*Exercise brief*. All of the data below should be set down again verbatim, without any images.

*Collected data*.
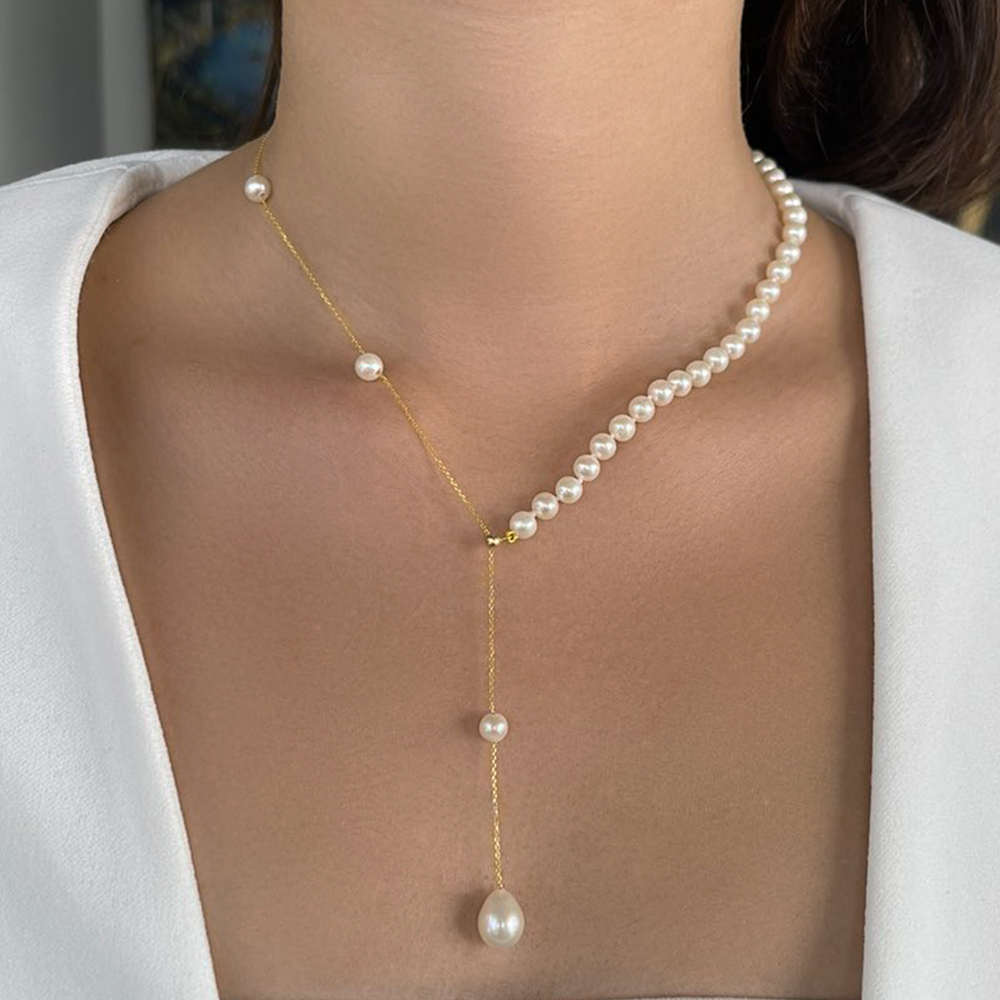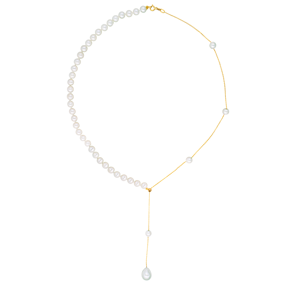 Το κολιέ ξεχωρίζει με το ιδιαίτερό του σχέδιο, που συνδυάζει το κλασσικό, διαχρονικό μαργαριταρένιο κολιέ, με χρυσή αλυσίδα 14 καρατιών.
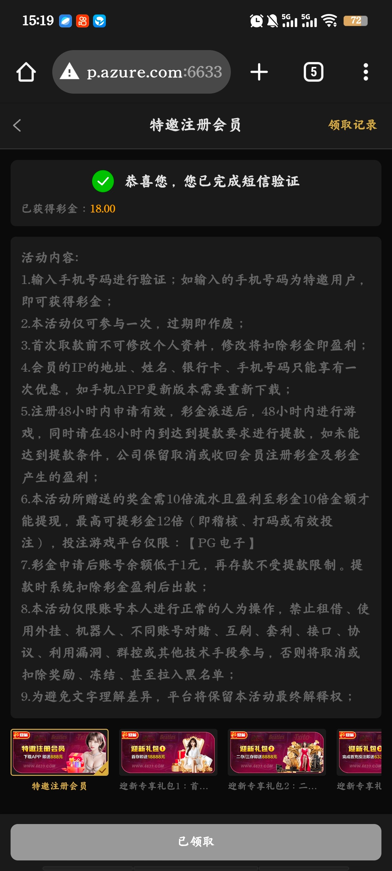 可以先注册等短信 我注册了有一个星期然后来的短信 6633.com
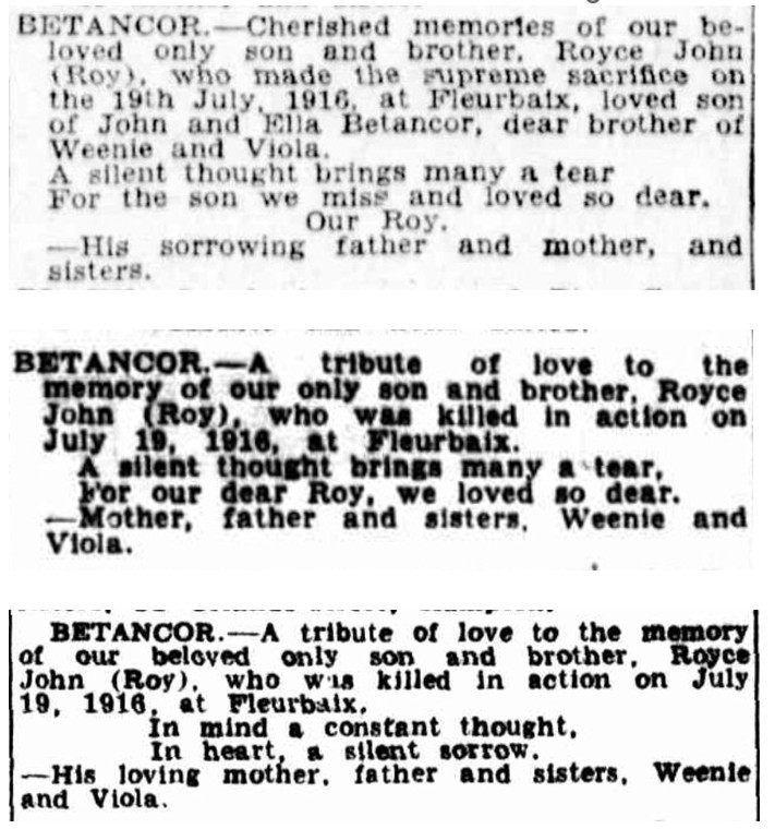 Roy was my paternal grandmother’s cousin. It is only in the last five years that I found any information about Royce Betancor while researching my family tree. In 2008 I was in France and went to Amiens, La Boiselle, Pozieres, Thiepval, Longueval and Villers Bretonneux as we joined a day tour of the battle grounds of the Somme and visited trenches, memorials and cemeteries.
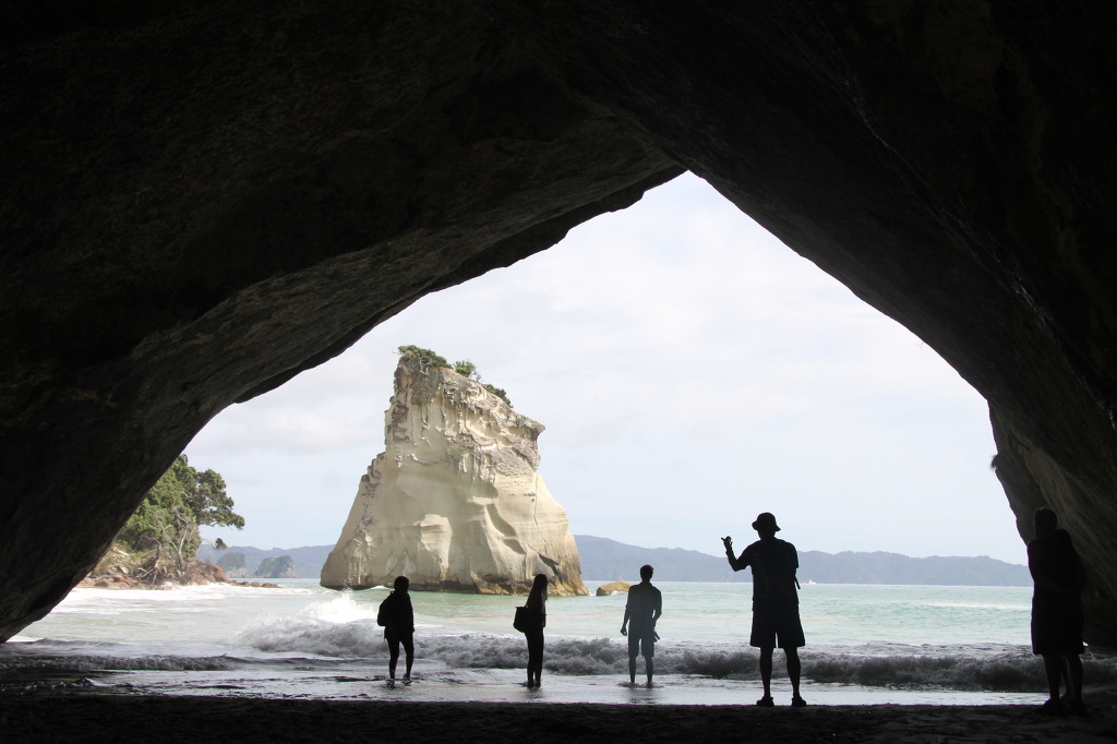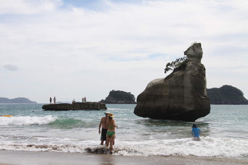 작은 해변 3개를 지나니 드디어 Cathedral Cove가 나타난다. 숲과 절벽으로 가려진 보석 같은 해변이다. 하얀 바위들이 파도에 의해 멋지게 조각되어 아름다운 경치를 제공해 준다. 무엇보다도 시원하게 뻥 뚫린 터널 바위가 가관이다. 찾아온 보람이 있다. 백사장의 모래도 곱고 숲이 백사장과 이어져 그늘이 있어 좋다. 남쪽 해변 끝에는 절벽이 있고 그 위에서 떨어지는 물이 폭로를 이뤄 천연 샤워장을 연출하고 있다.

*Exercise response*.
 Το κολιέ ξεχωρίζει με το ιδιαίτερό του σχέδιο, που συνδυάζει το κλασσικό, διαχρονικό μαργαριταρένιο κολιέ, με χρυσή αλυσίδα 14 καρατιών.
 可以先注册等短信 我注册了有一个星期然后来的短信 6633.com
 Roy was my paternal grandmother’s cousin. It is only in the last five years that I found any information about Royce Betancor while researching my family tree. In 2008 I was in France and went to Amiens, La Boiselle, Pozieres, Thiepval, Longueval and Villers Bretonneux as we joined a day tour of the battle grounds of the Somme and visited trenches, memorials and cemeteries.
 작은 해변 3개를 지나니 드디어 Cathedral Cove가 나타난다. 숲과 절벽으로 가려진 보석 같은 해변이다. 하얀 바위들이 파도에 의해 멋지게 조각되어 아름다운 경치를 제공해 준다. 무엇보다도 시원하게 뻥 뚫린 터널 바위가 가관이다. 찾아온 보람이 있다. 백사장의 모래도 곱고 숲이 백사장과 이어져 그늘이 있어 좋다. 남쪽 해변 끝에는 절벽이 있고 그 위에서 떨어지는 물이 폭로를 이뤄 천연 샤워장을 연출하고 있다.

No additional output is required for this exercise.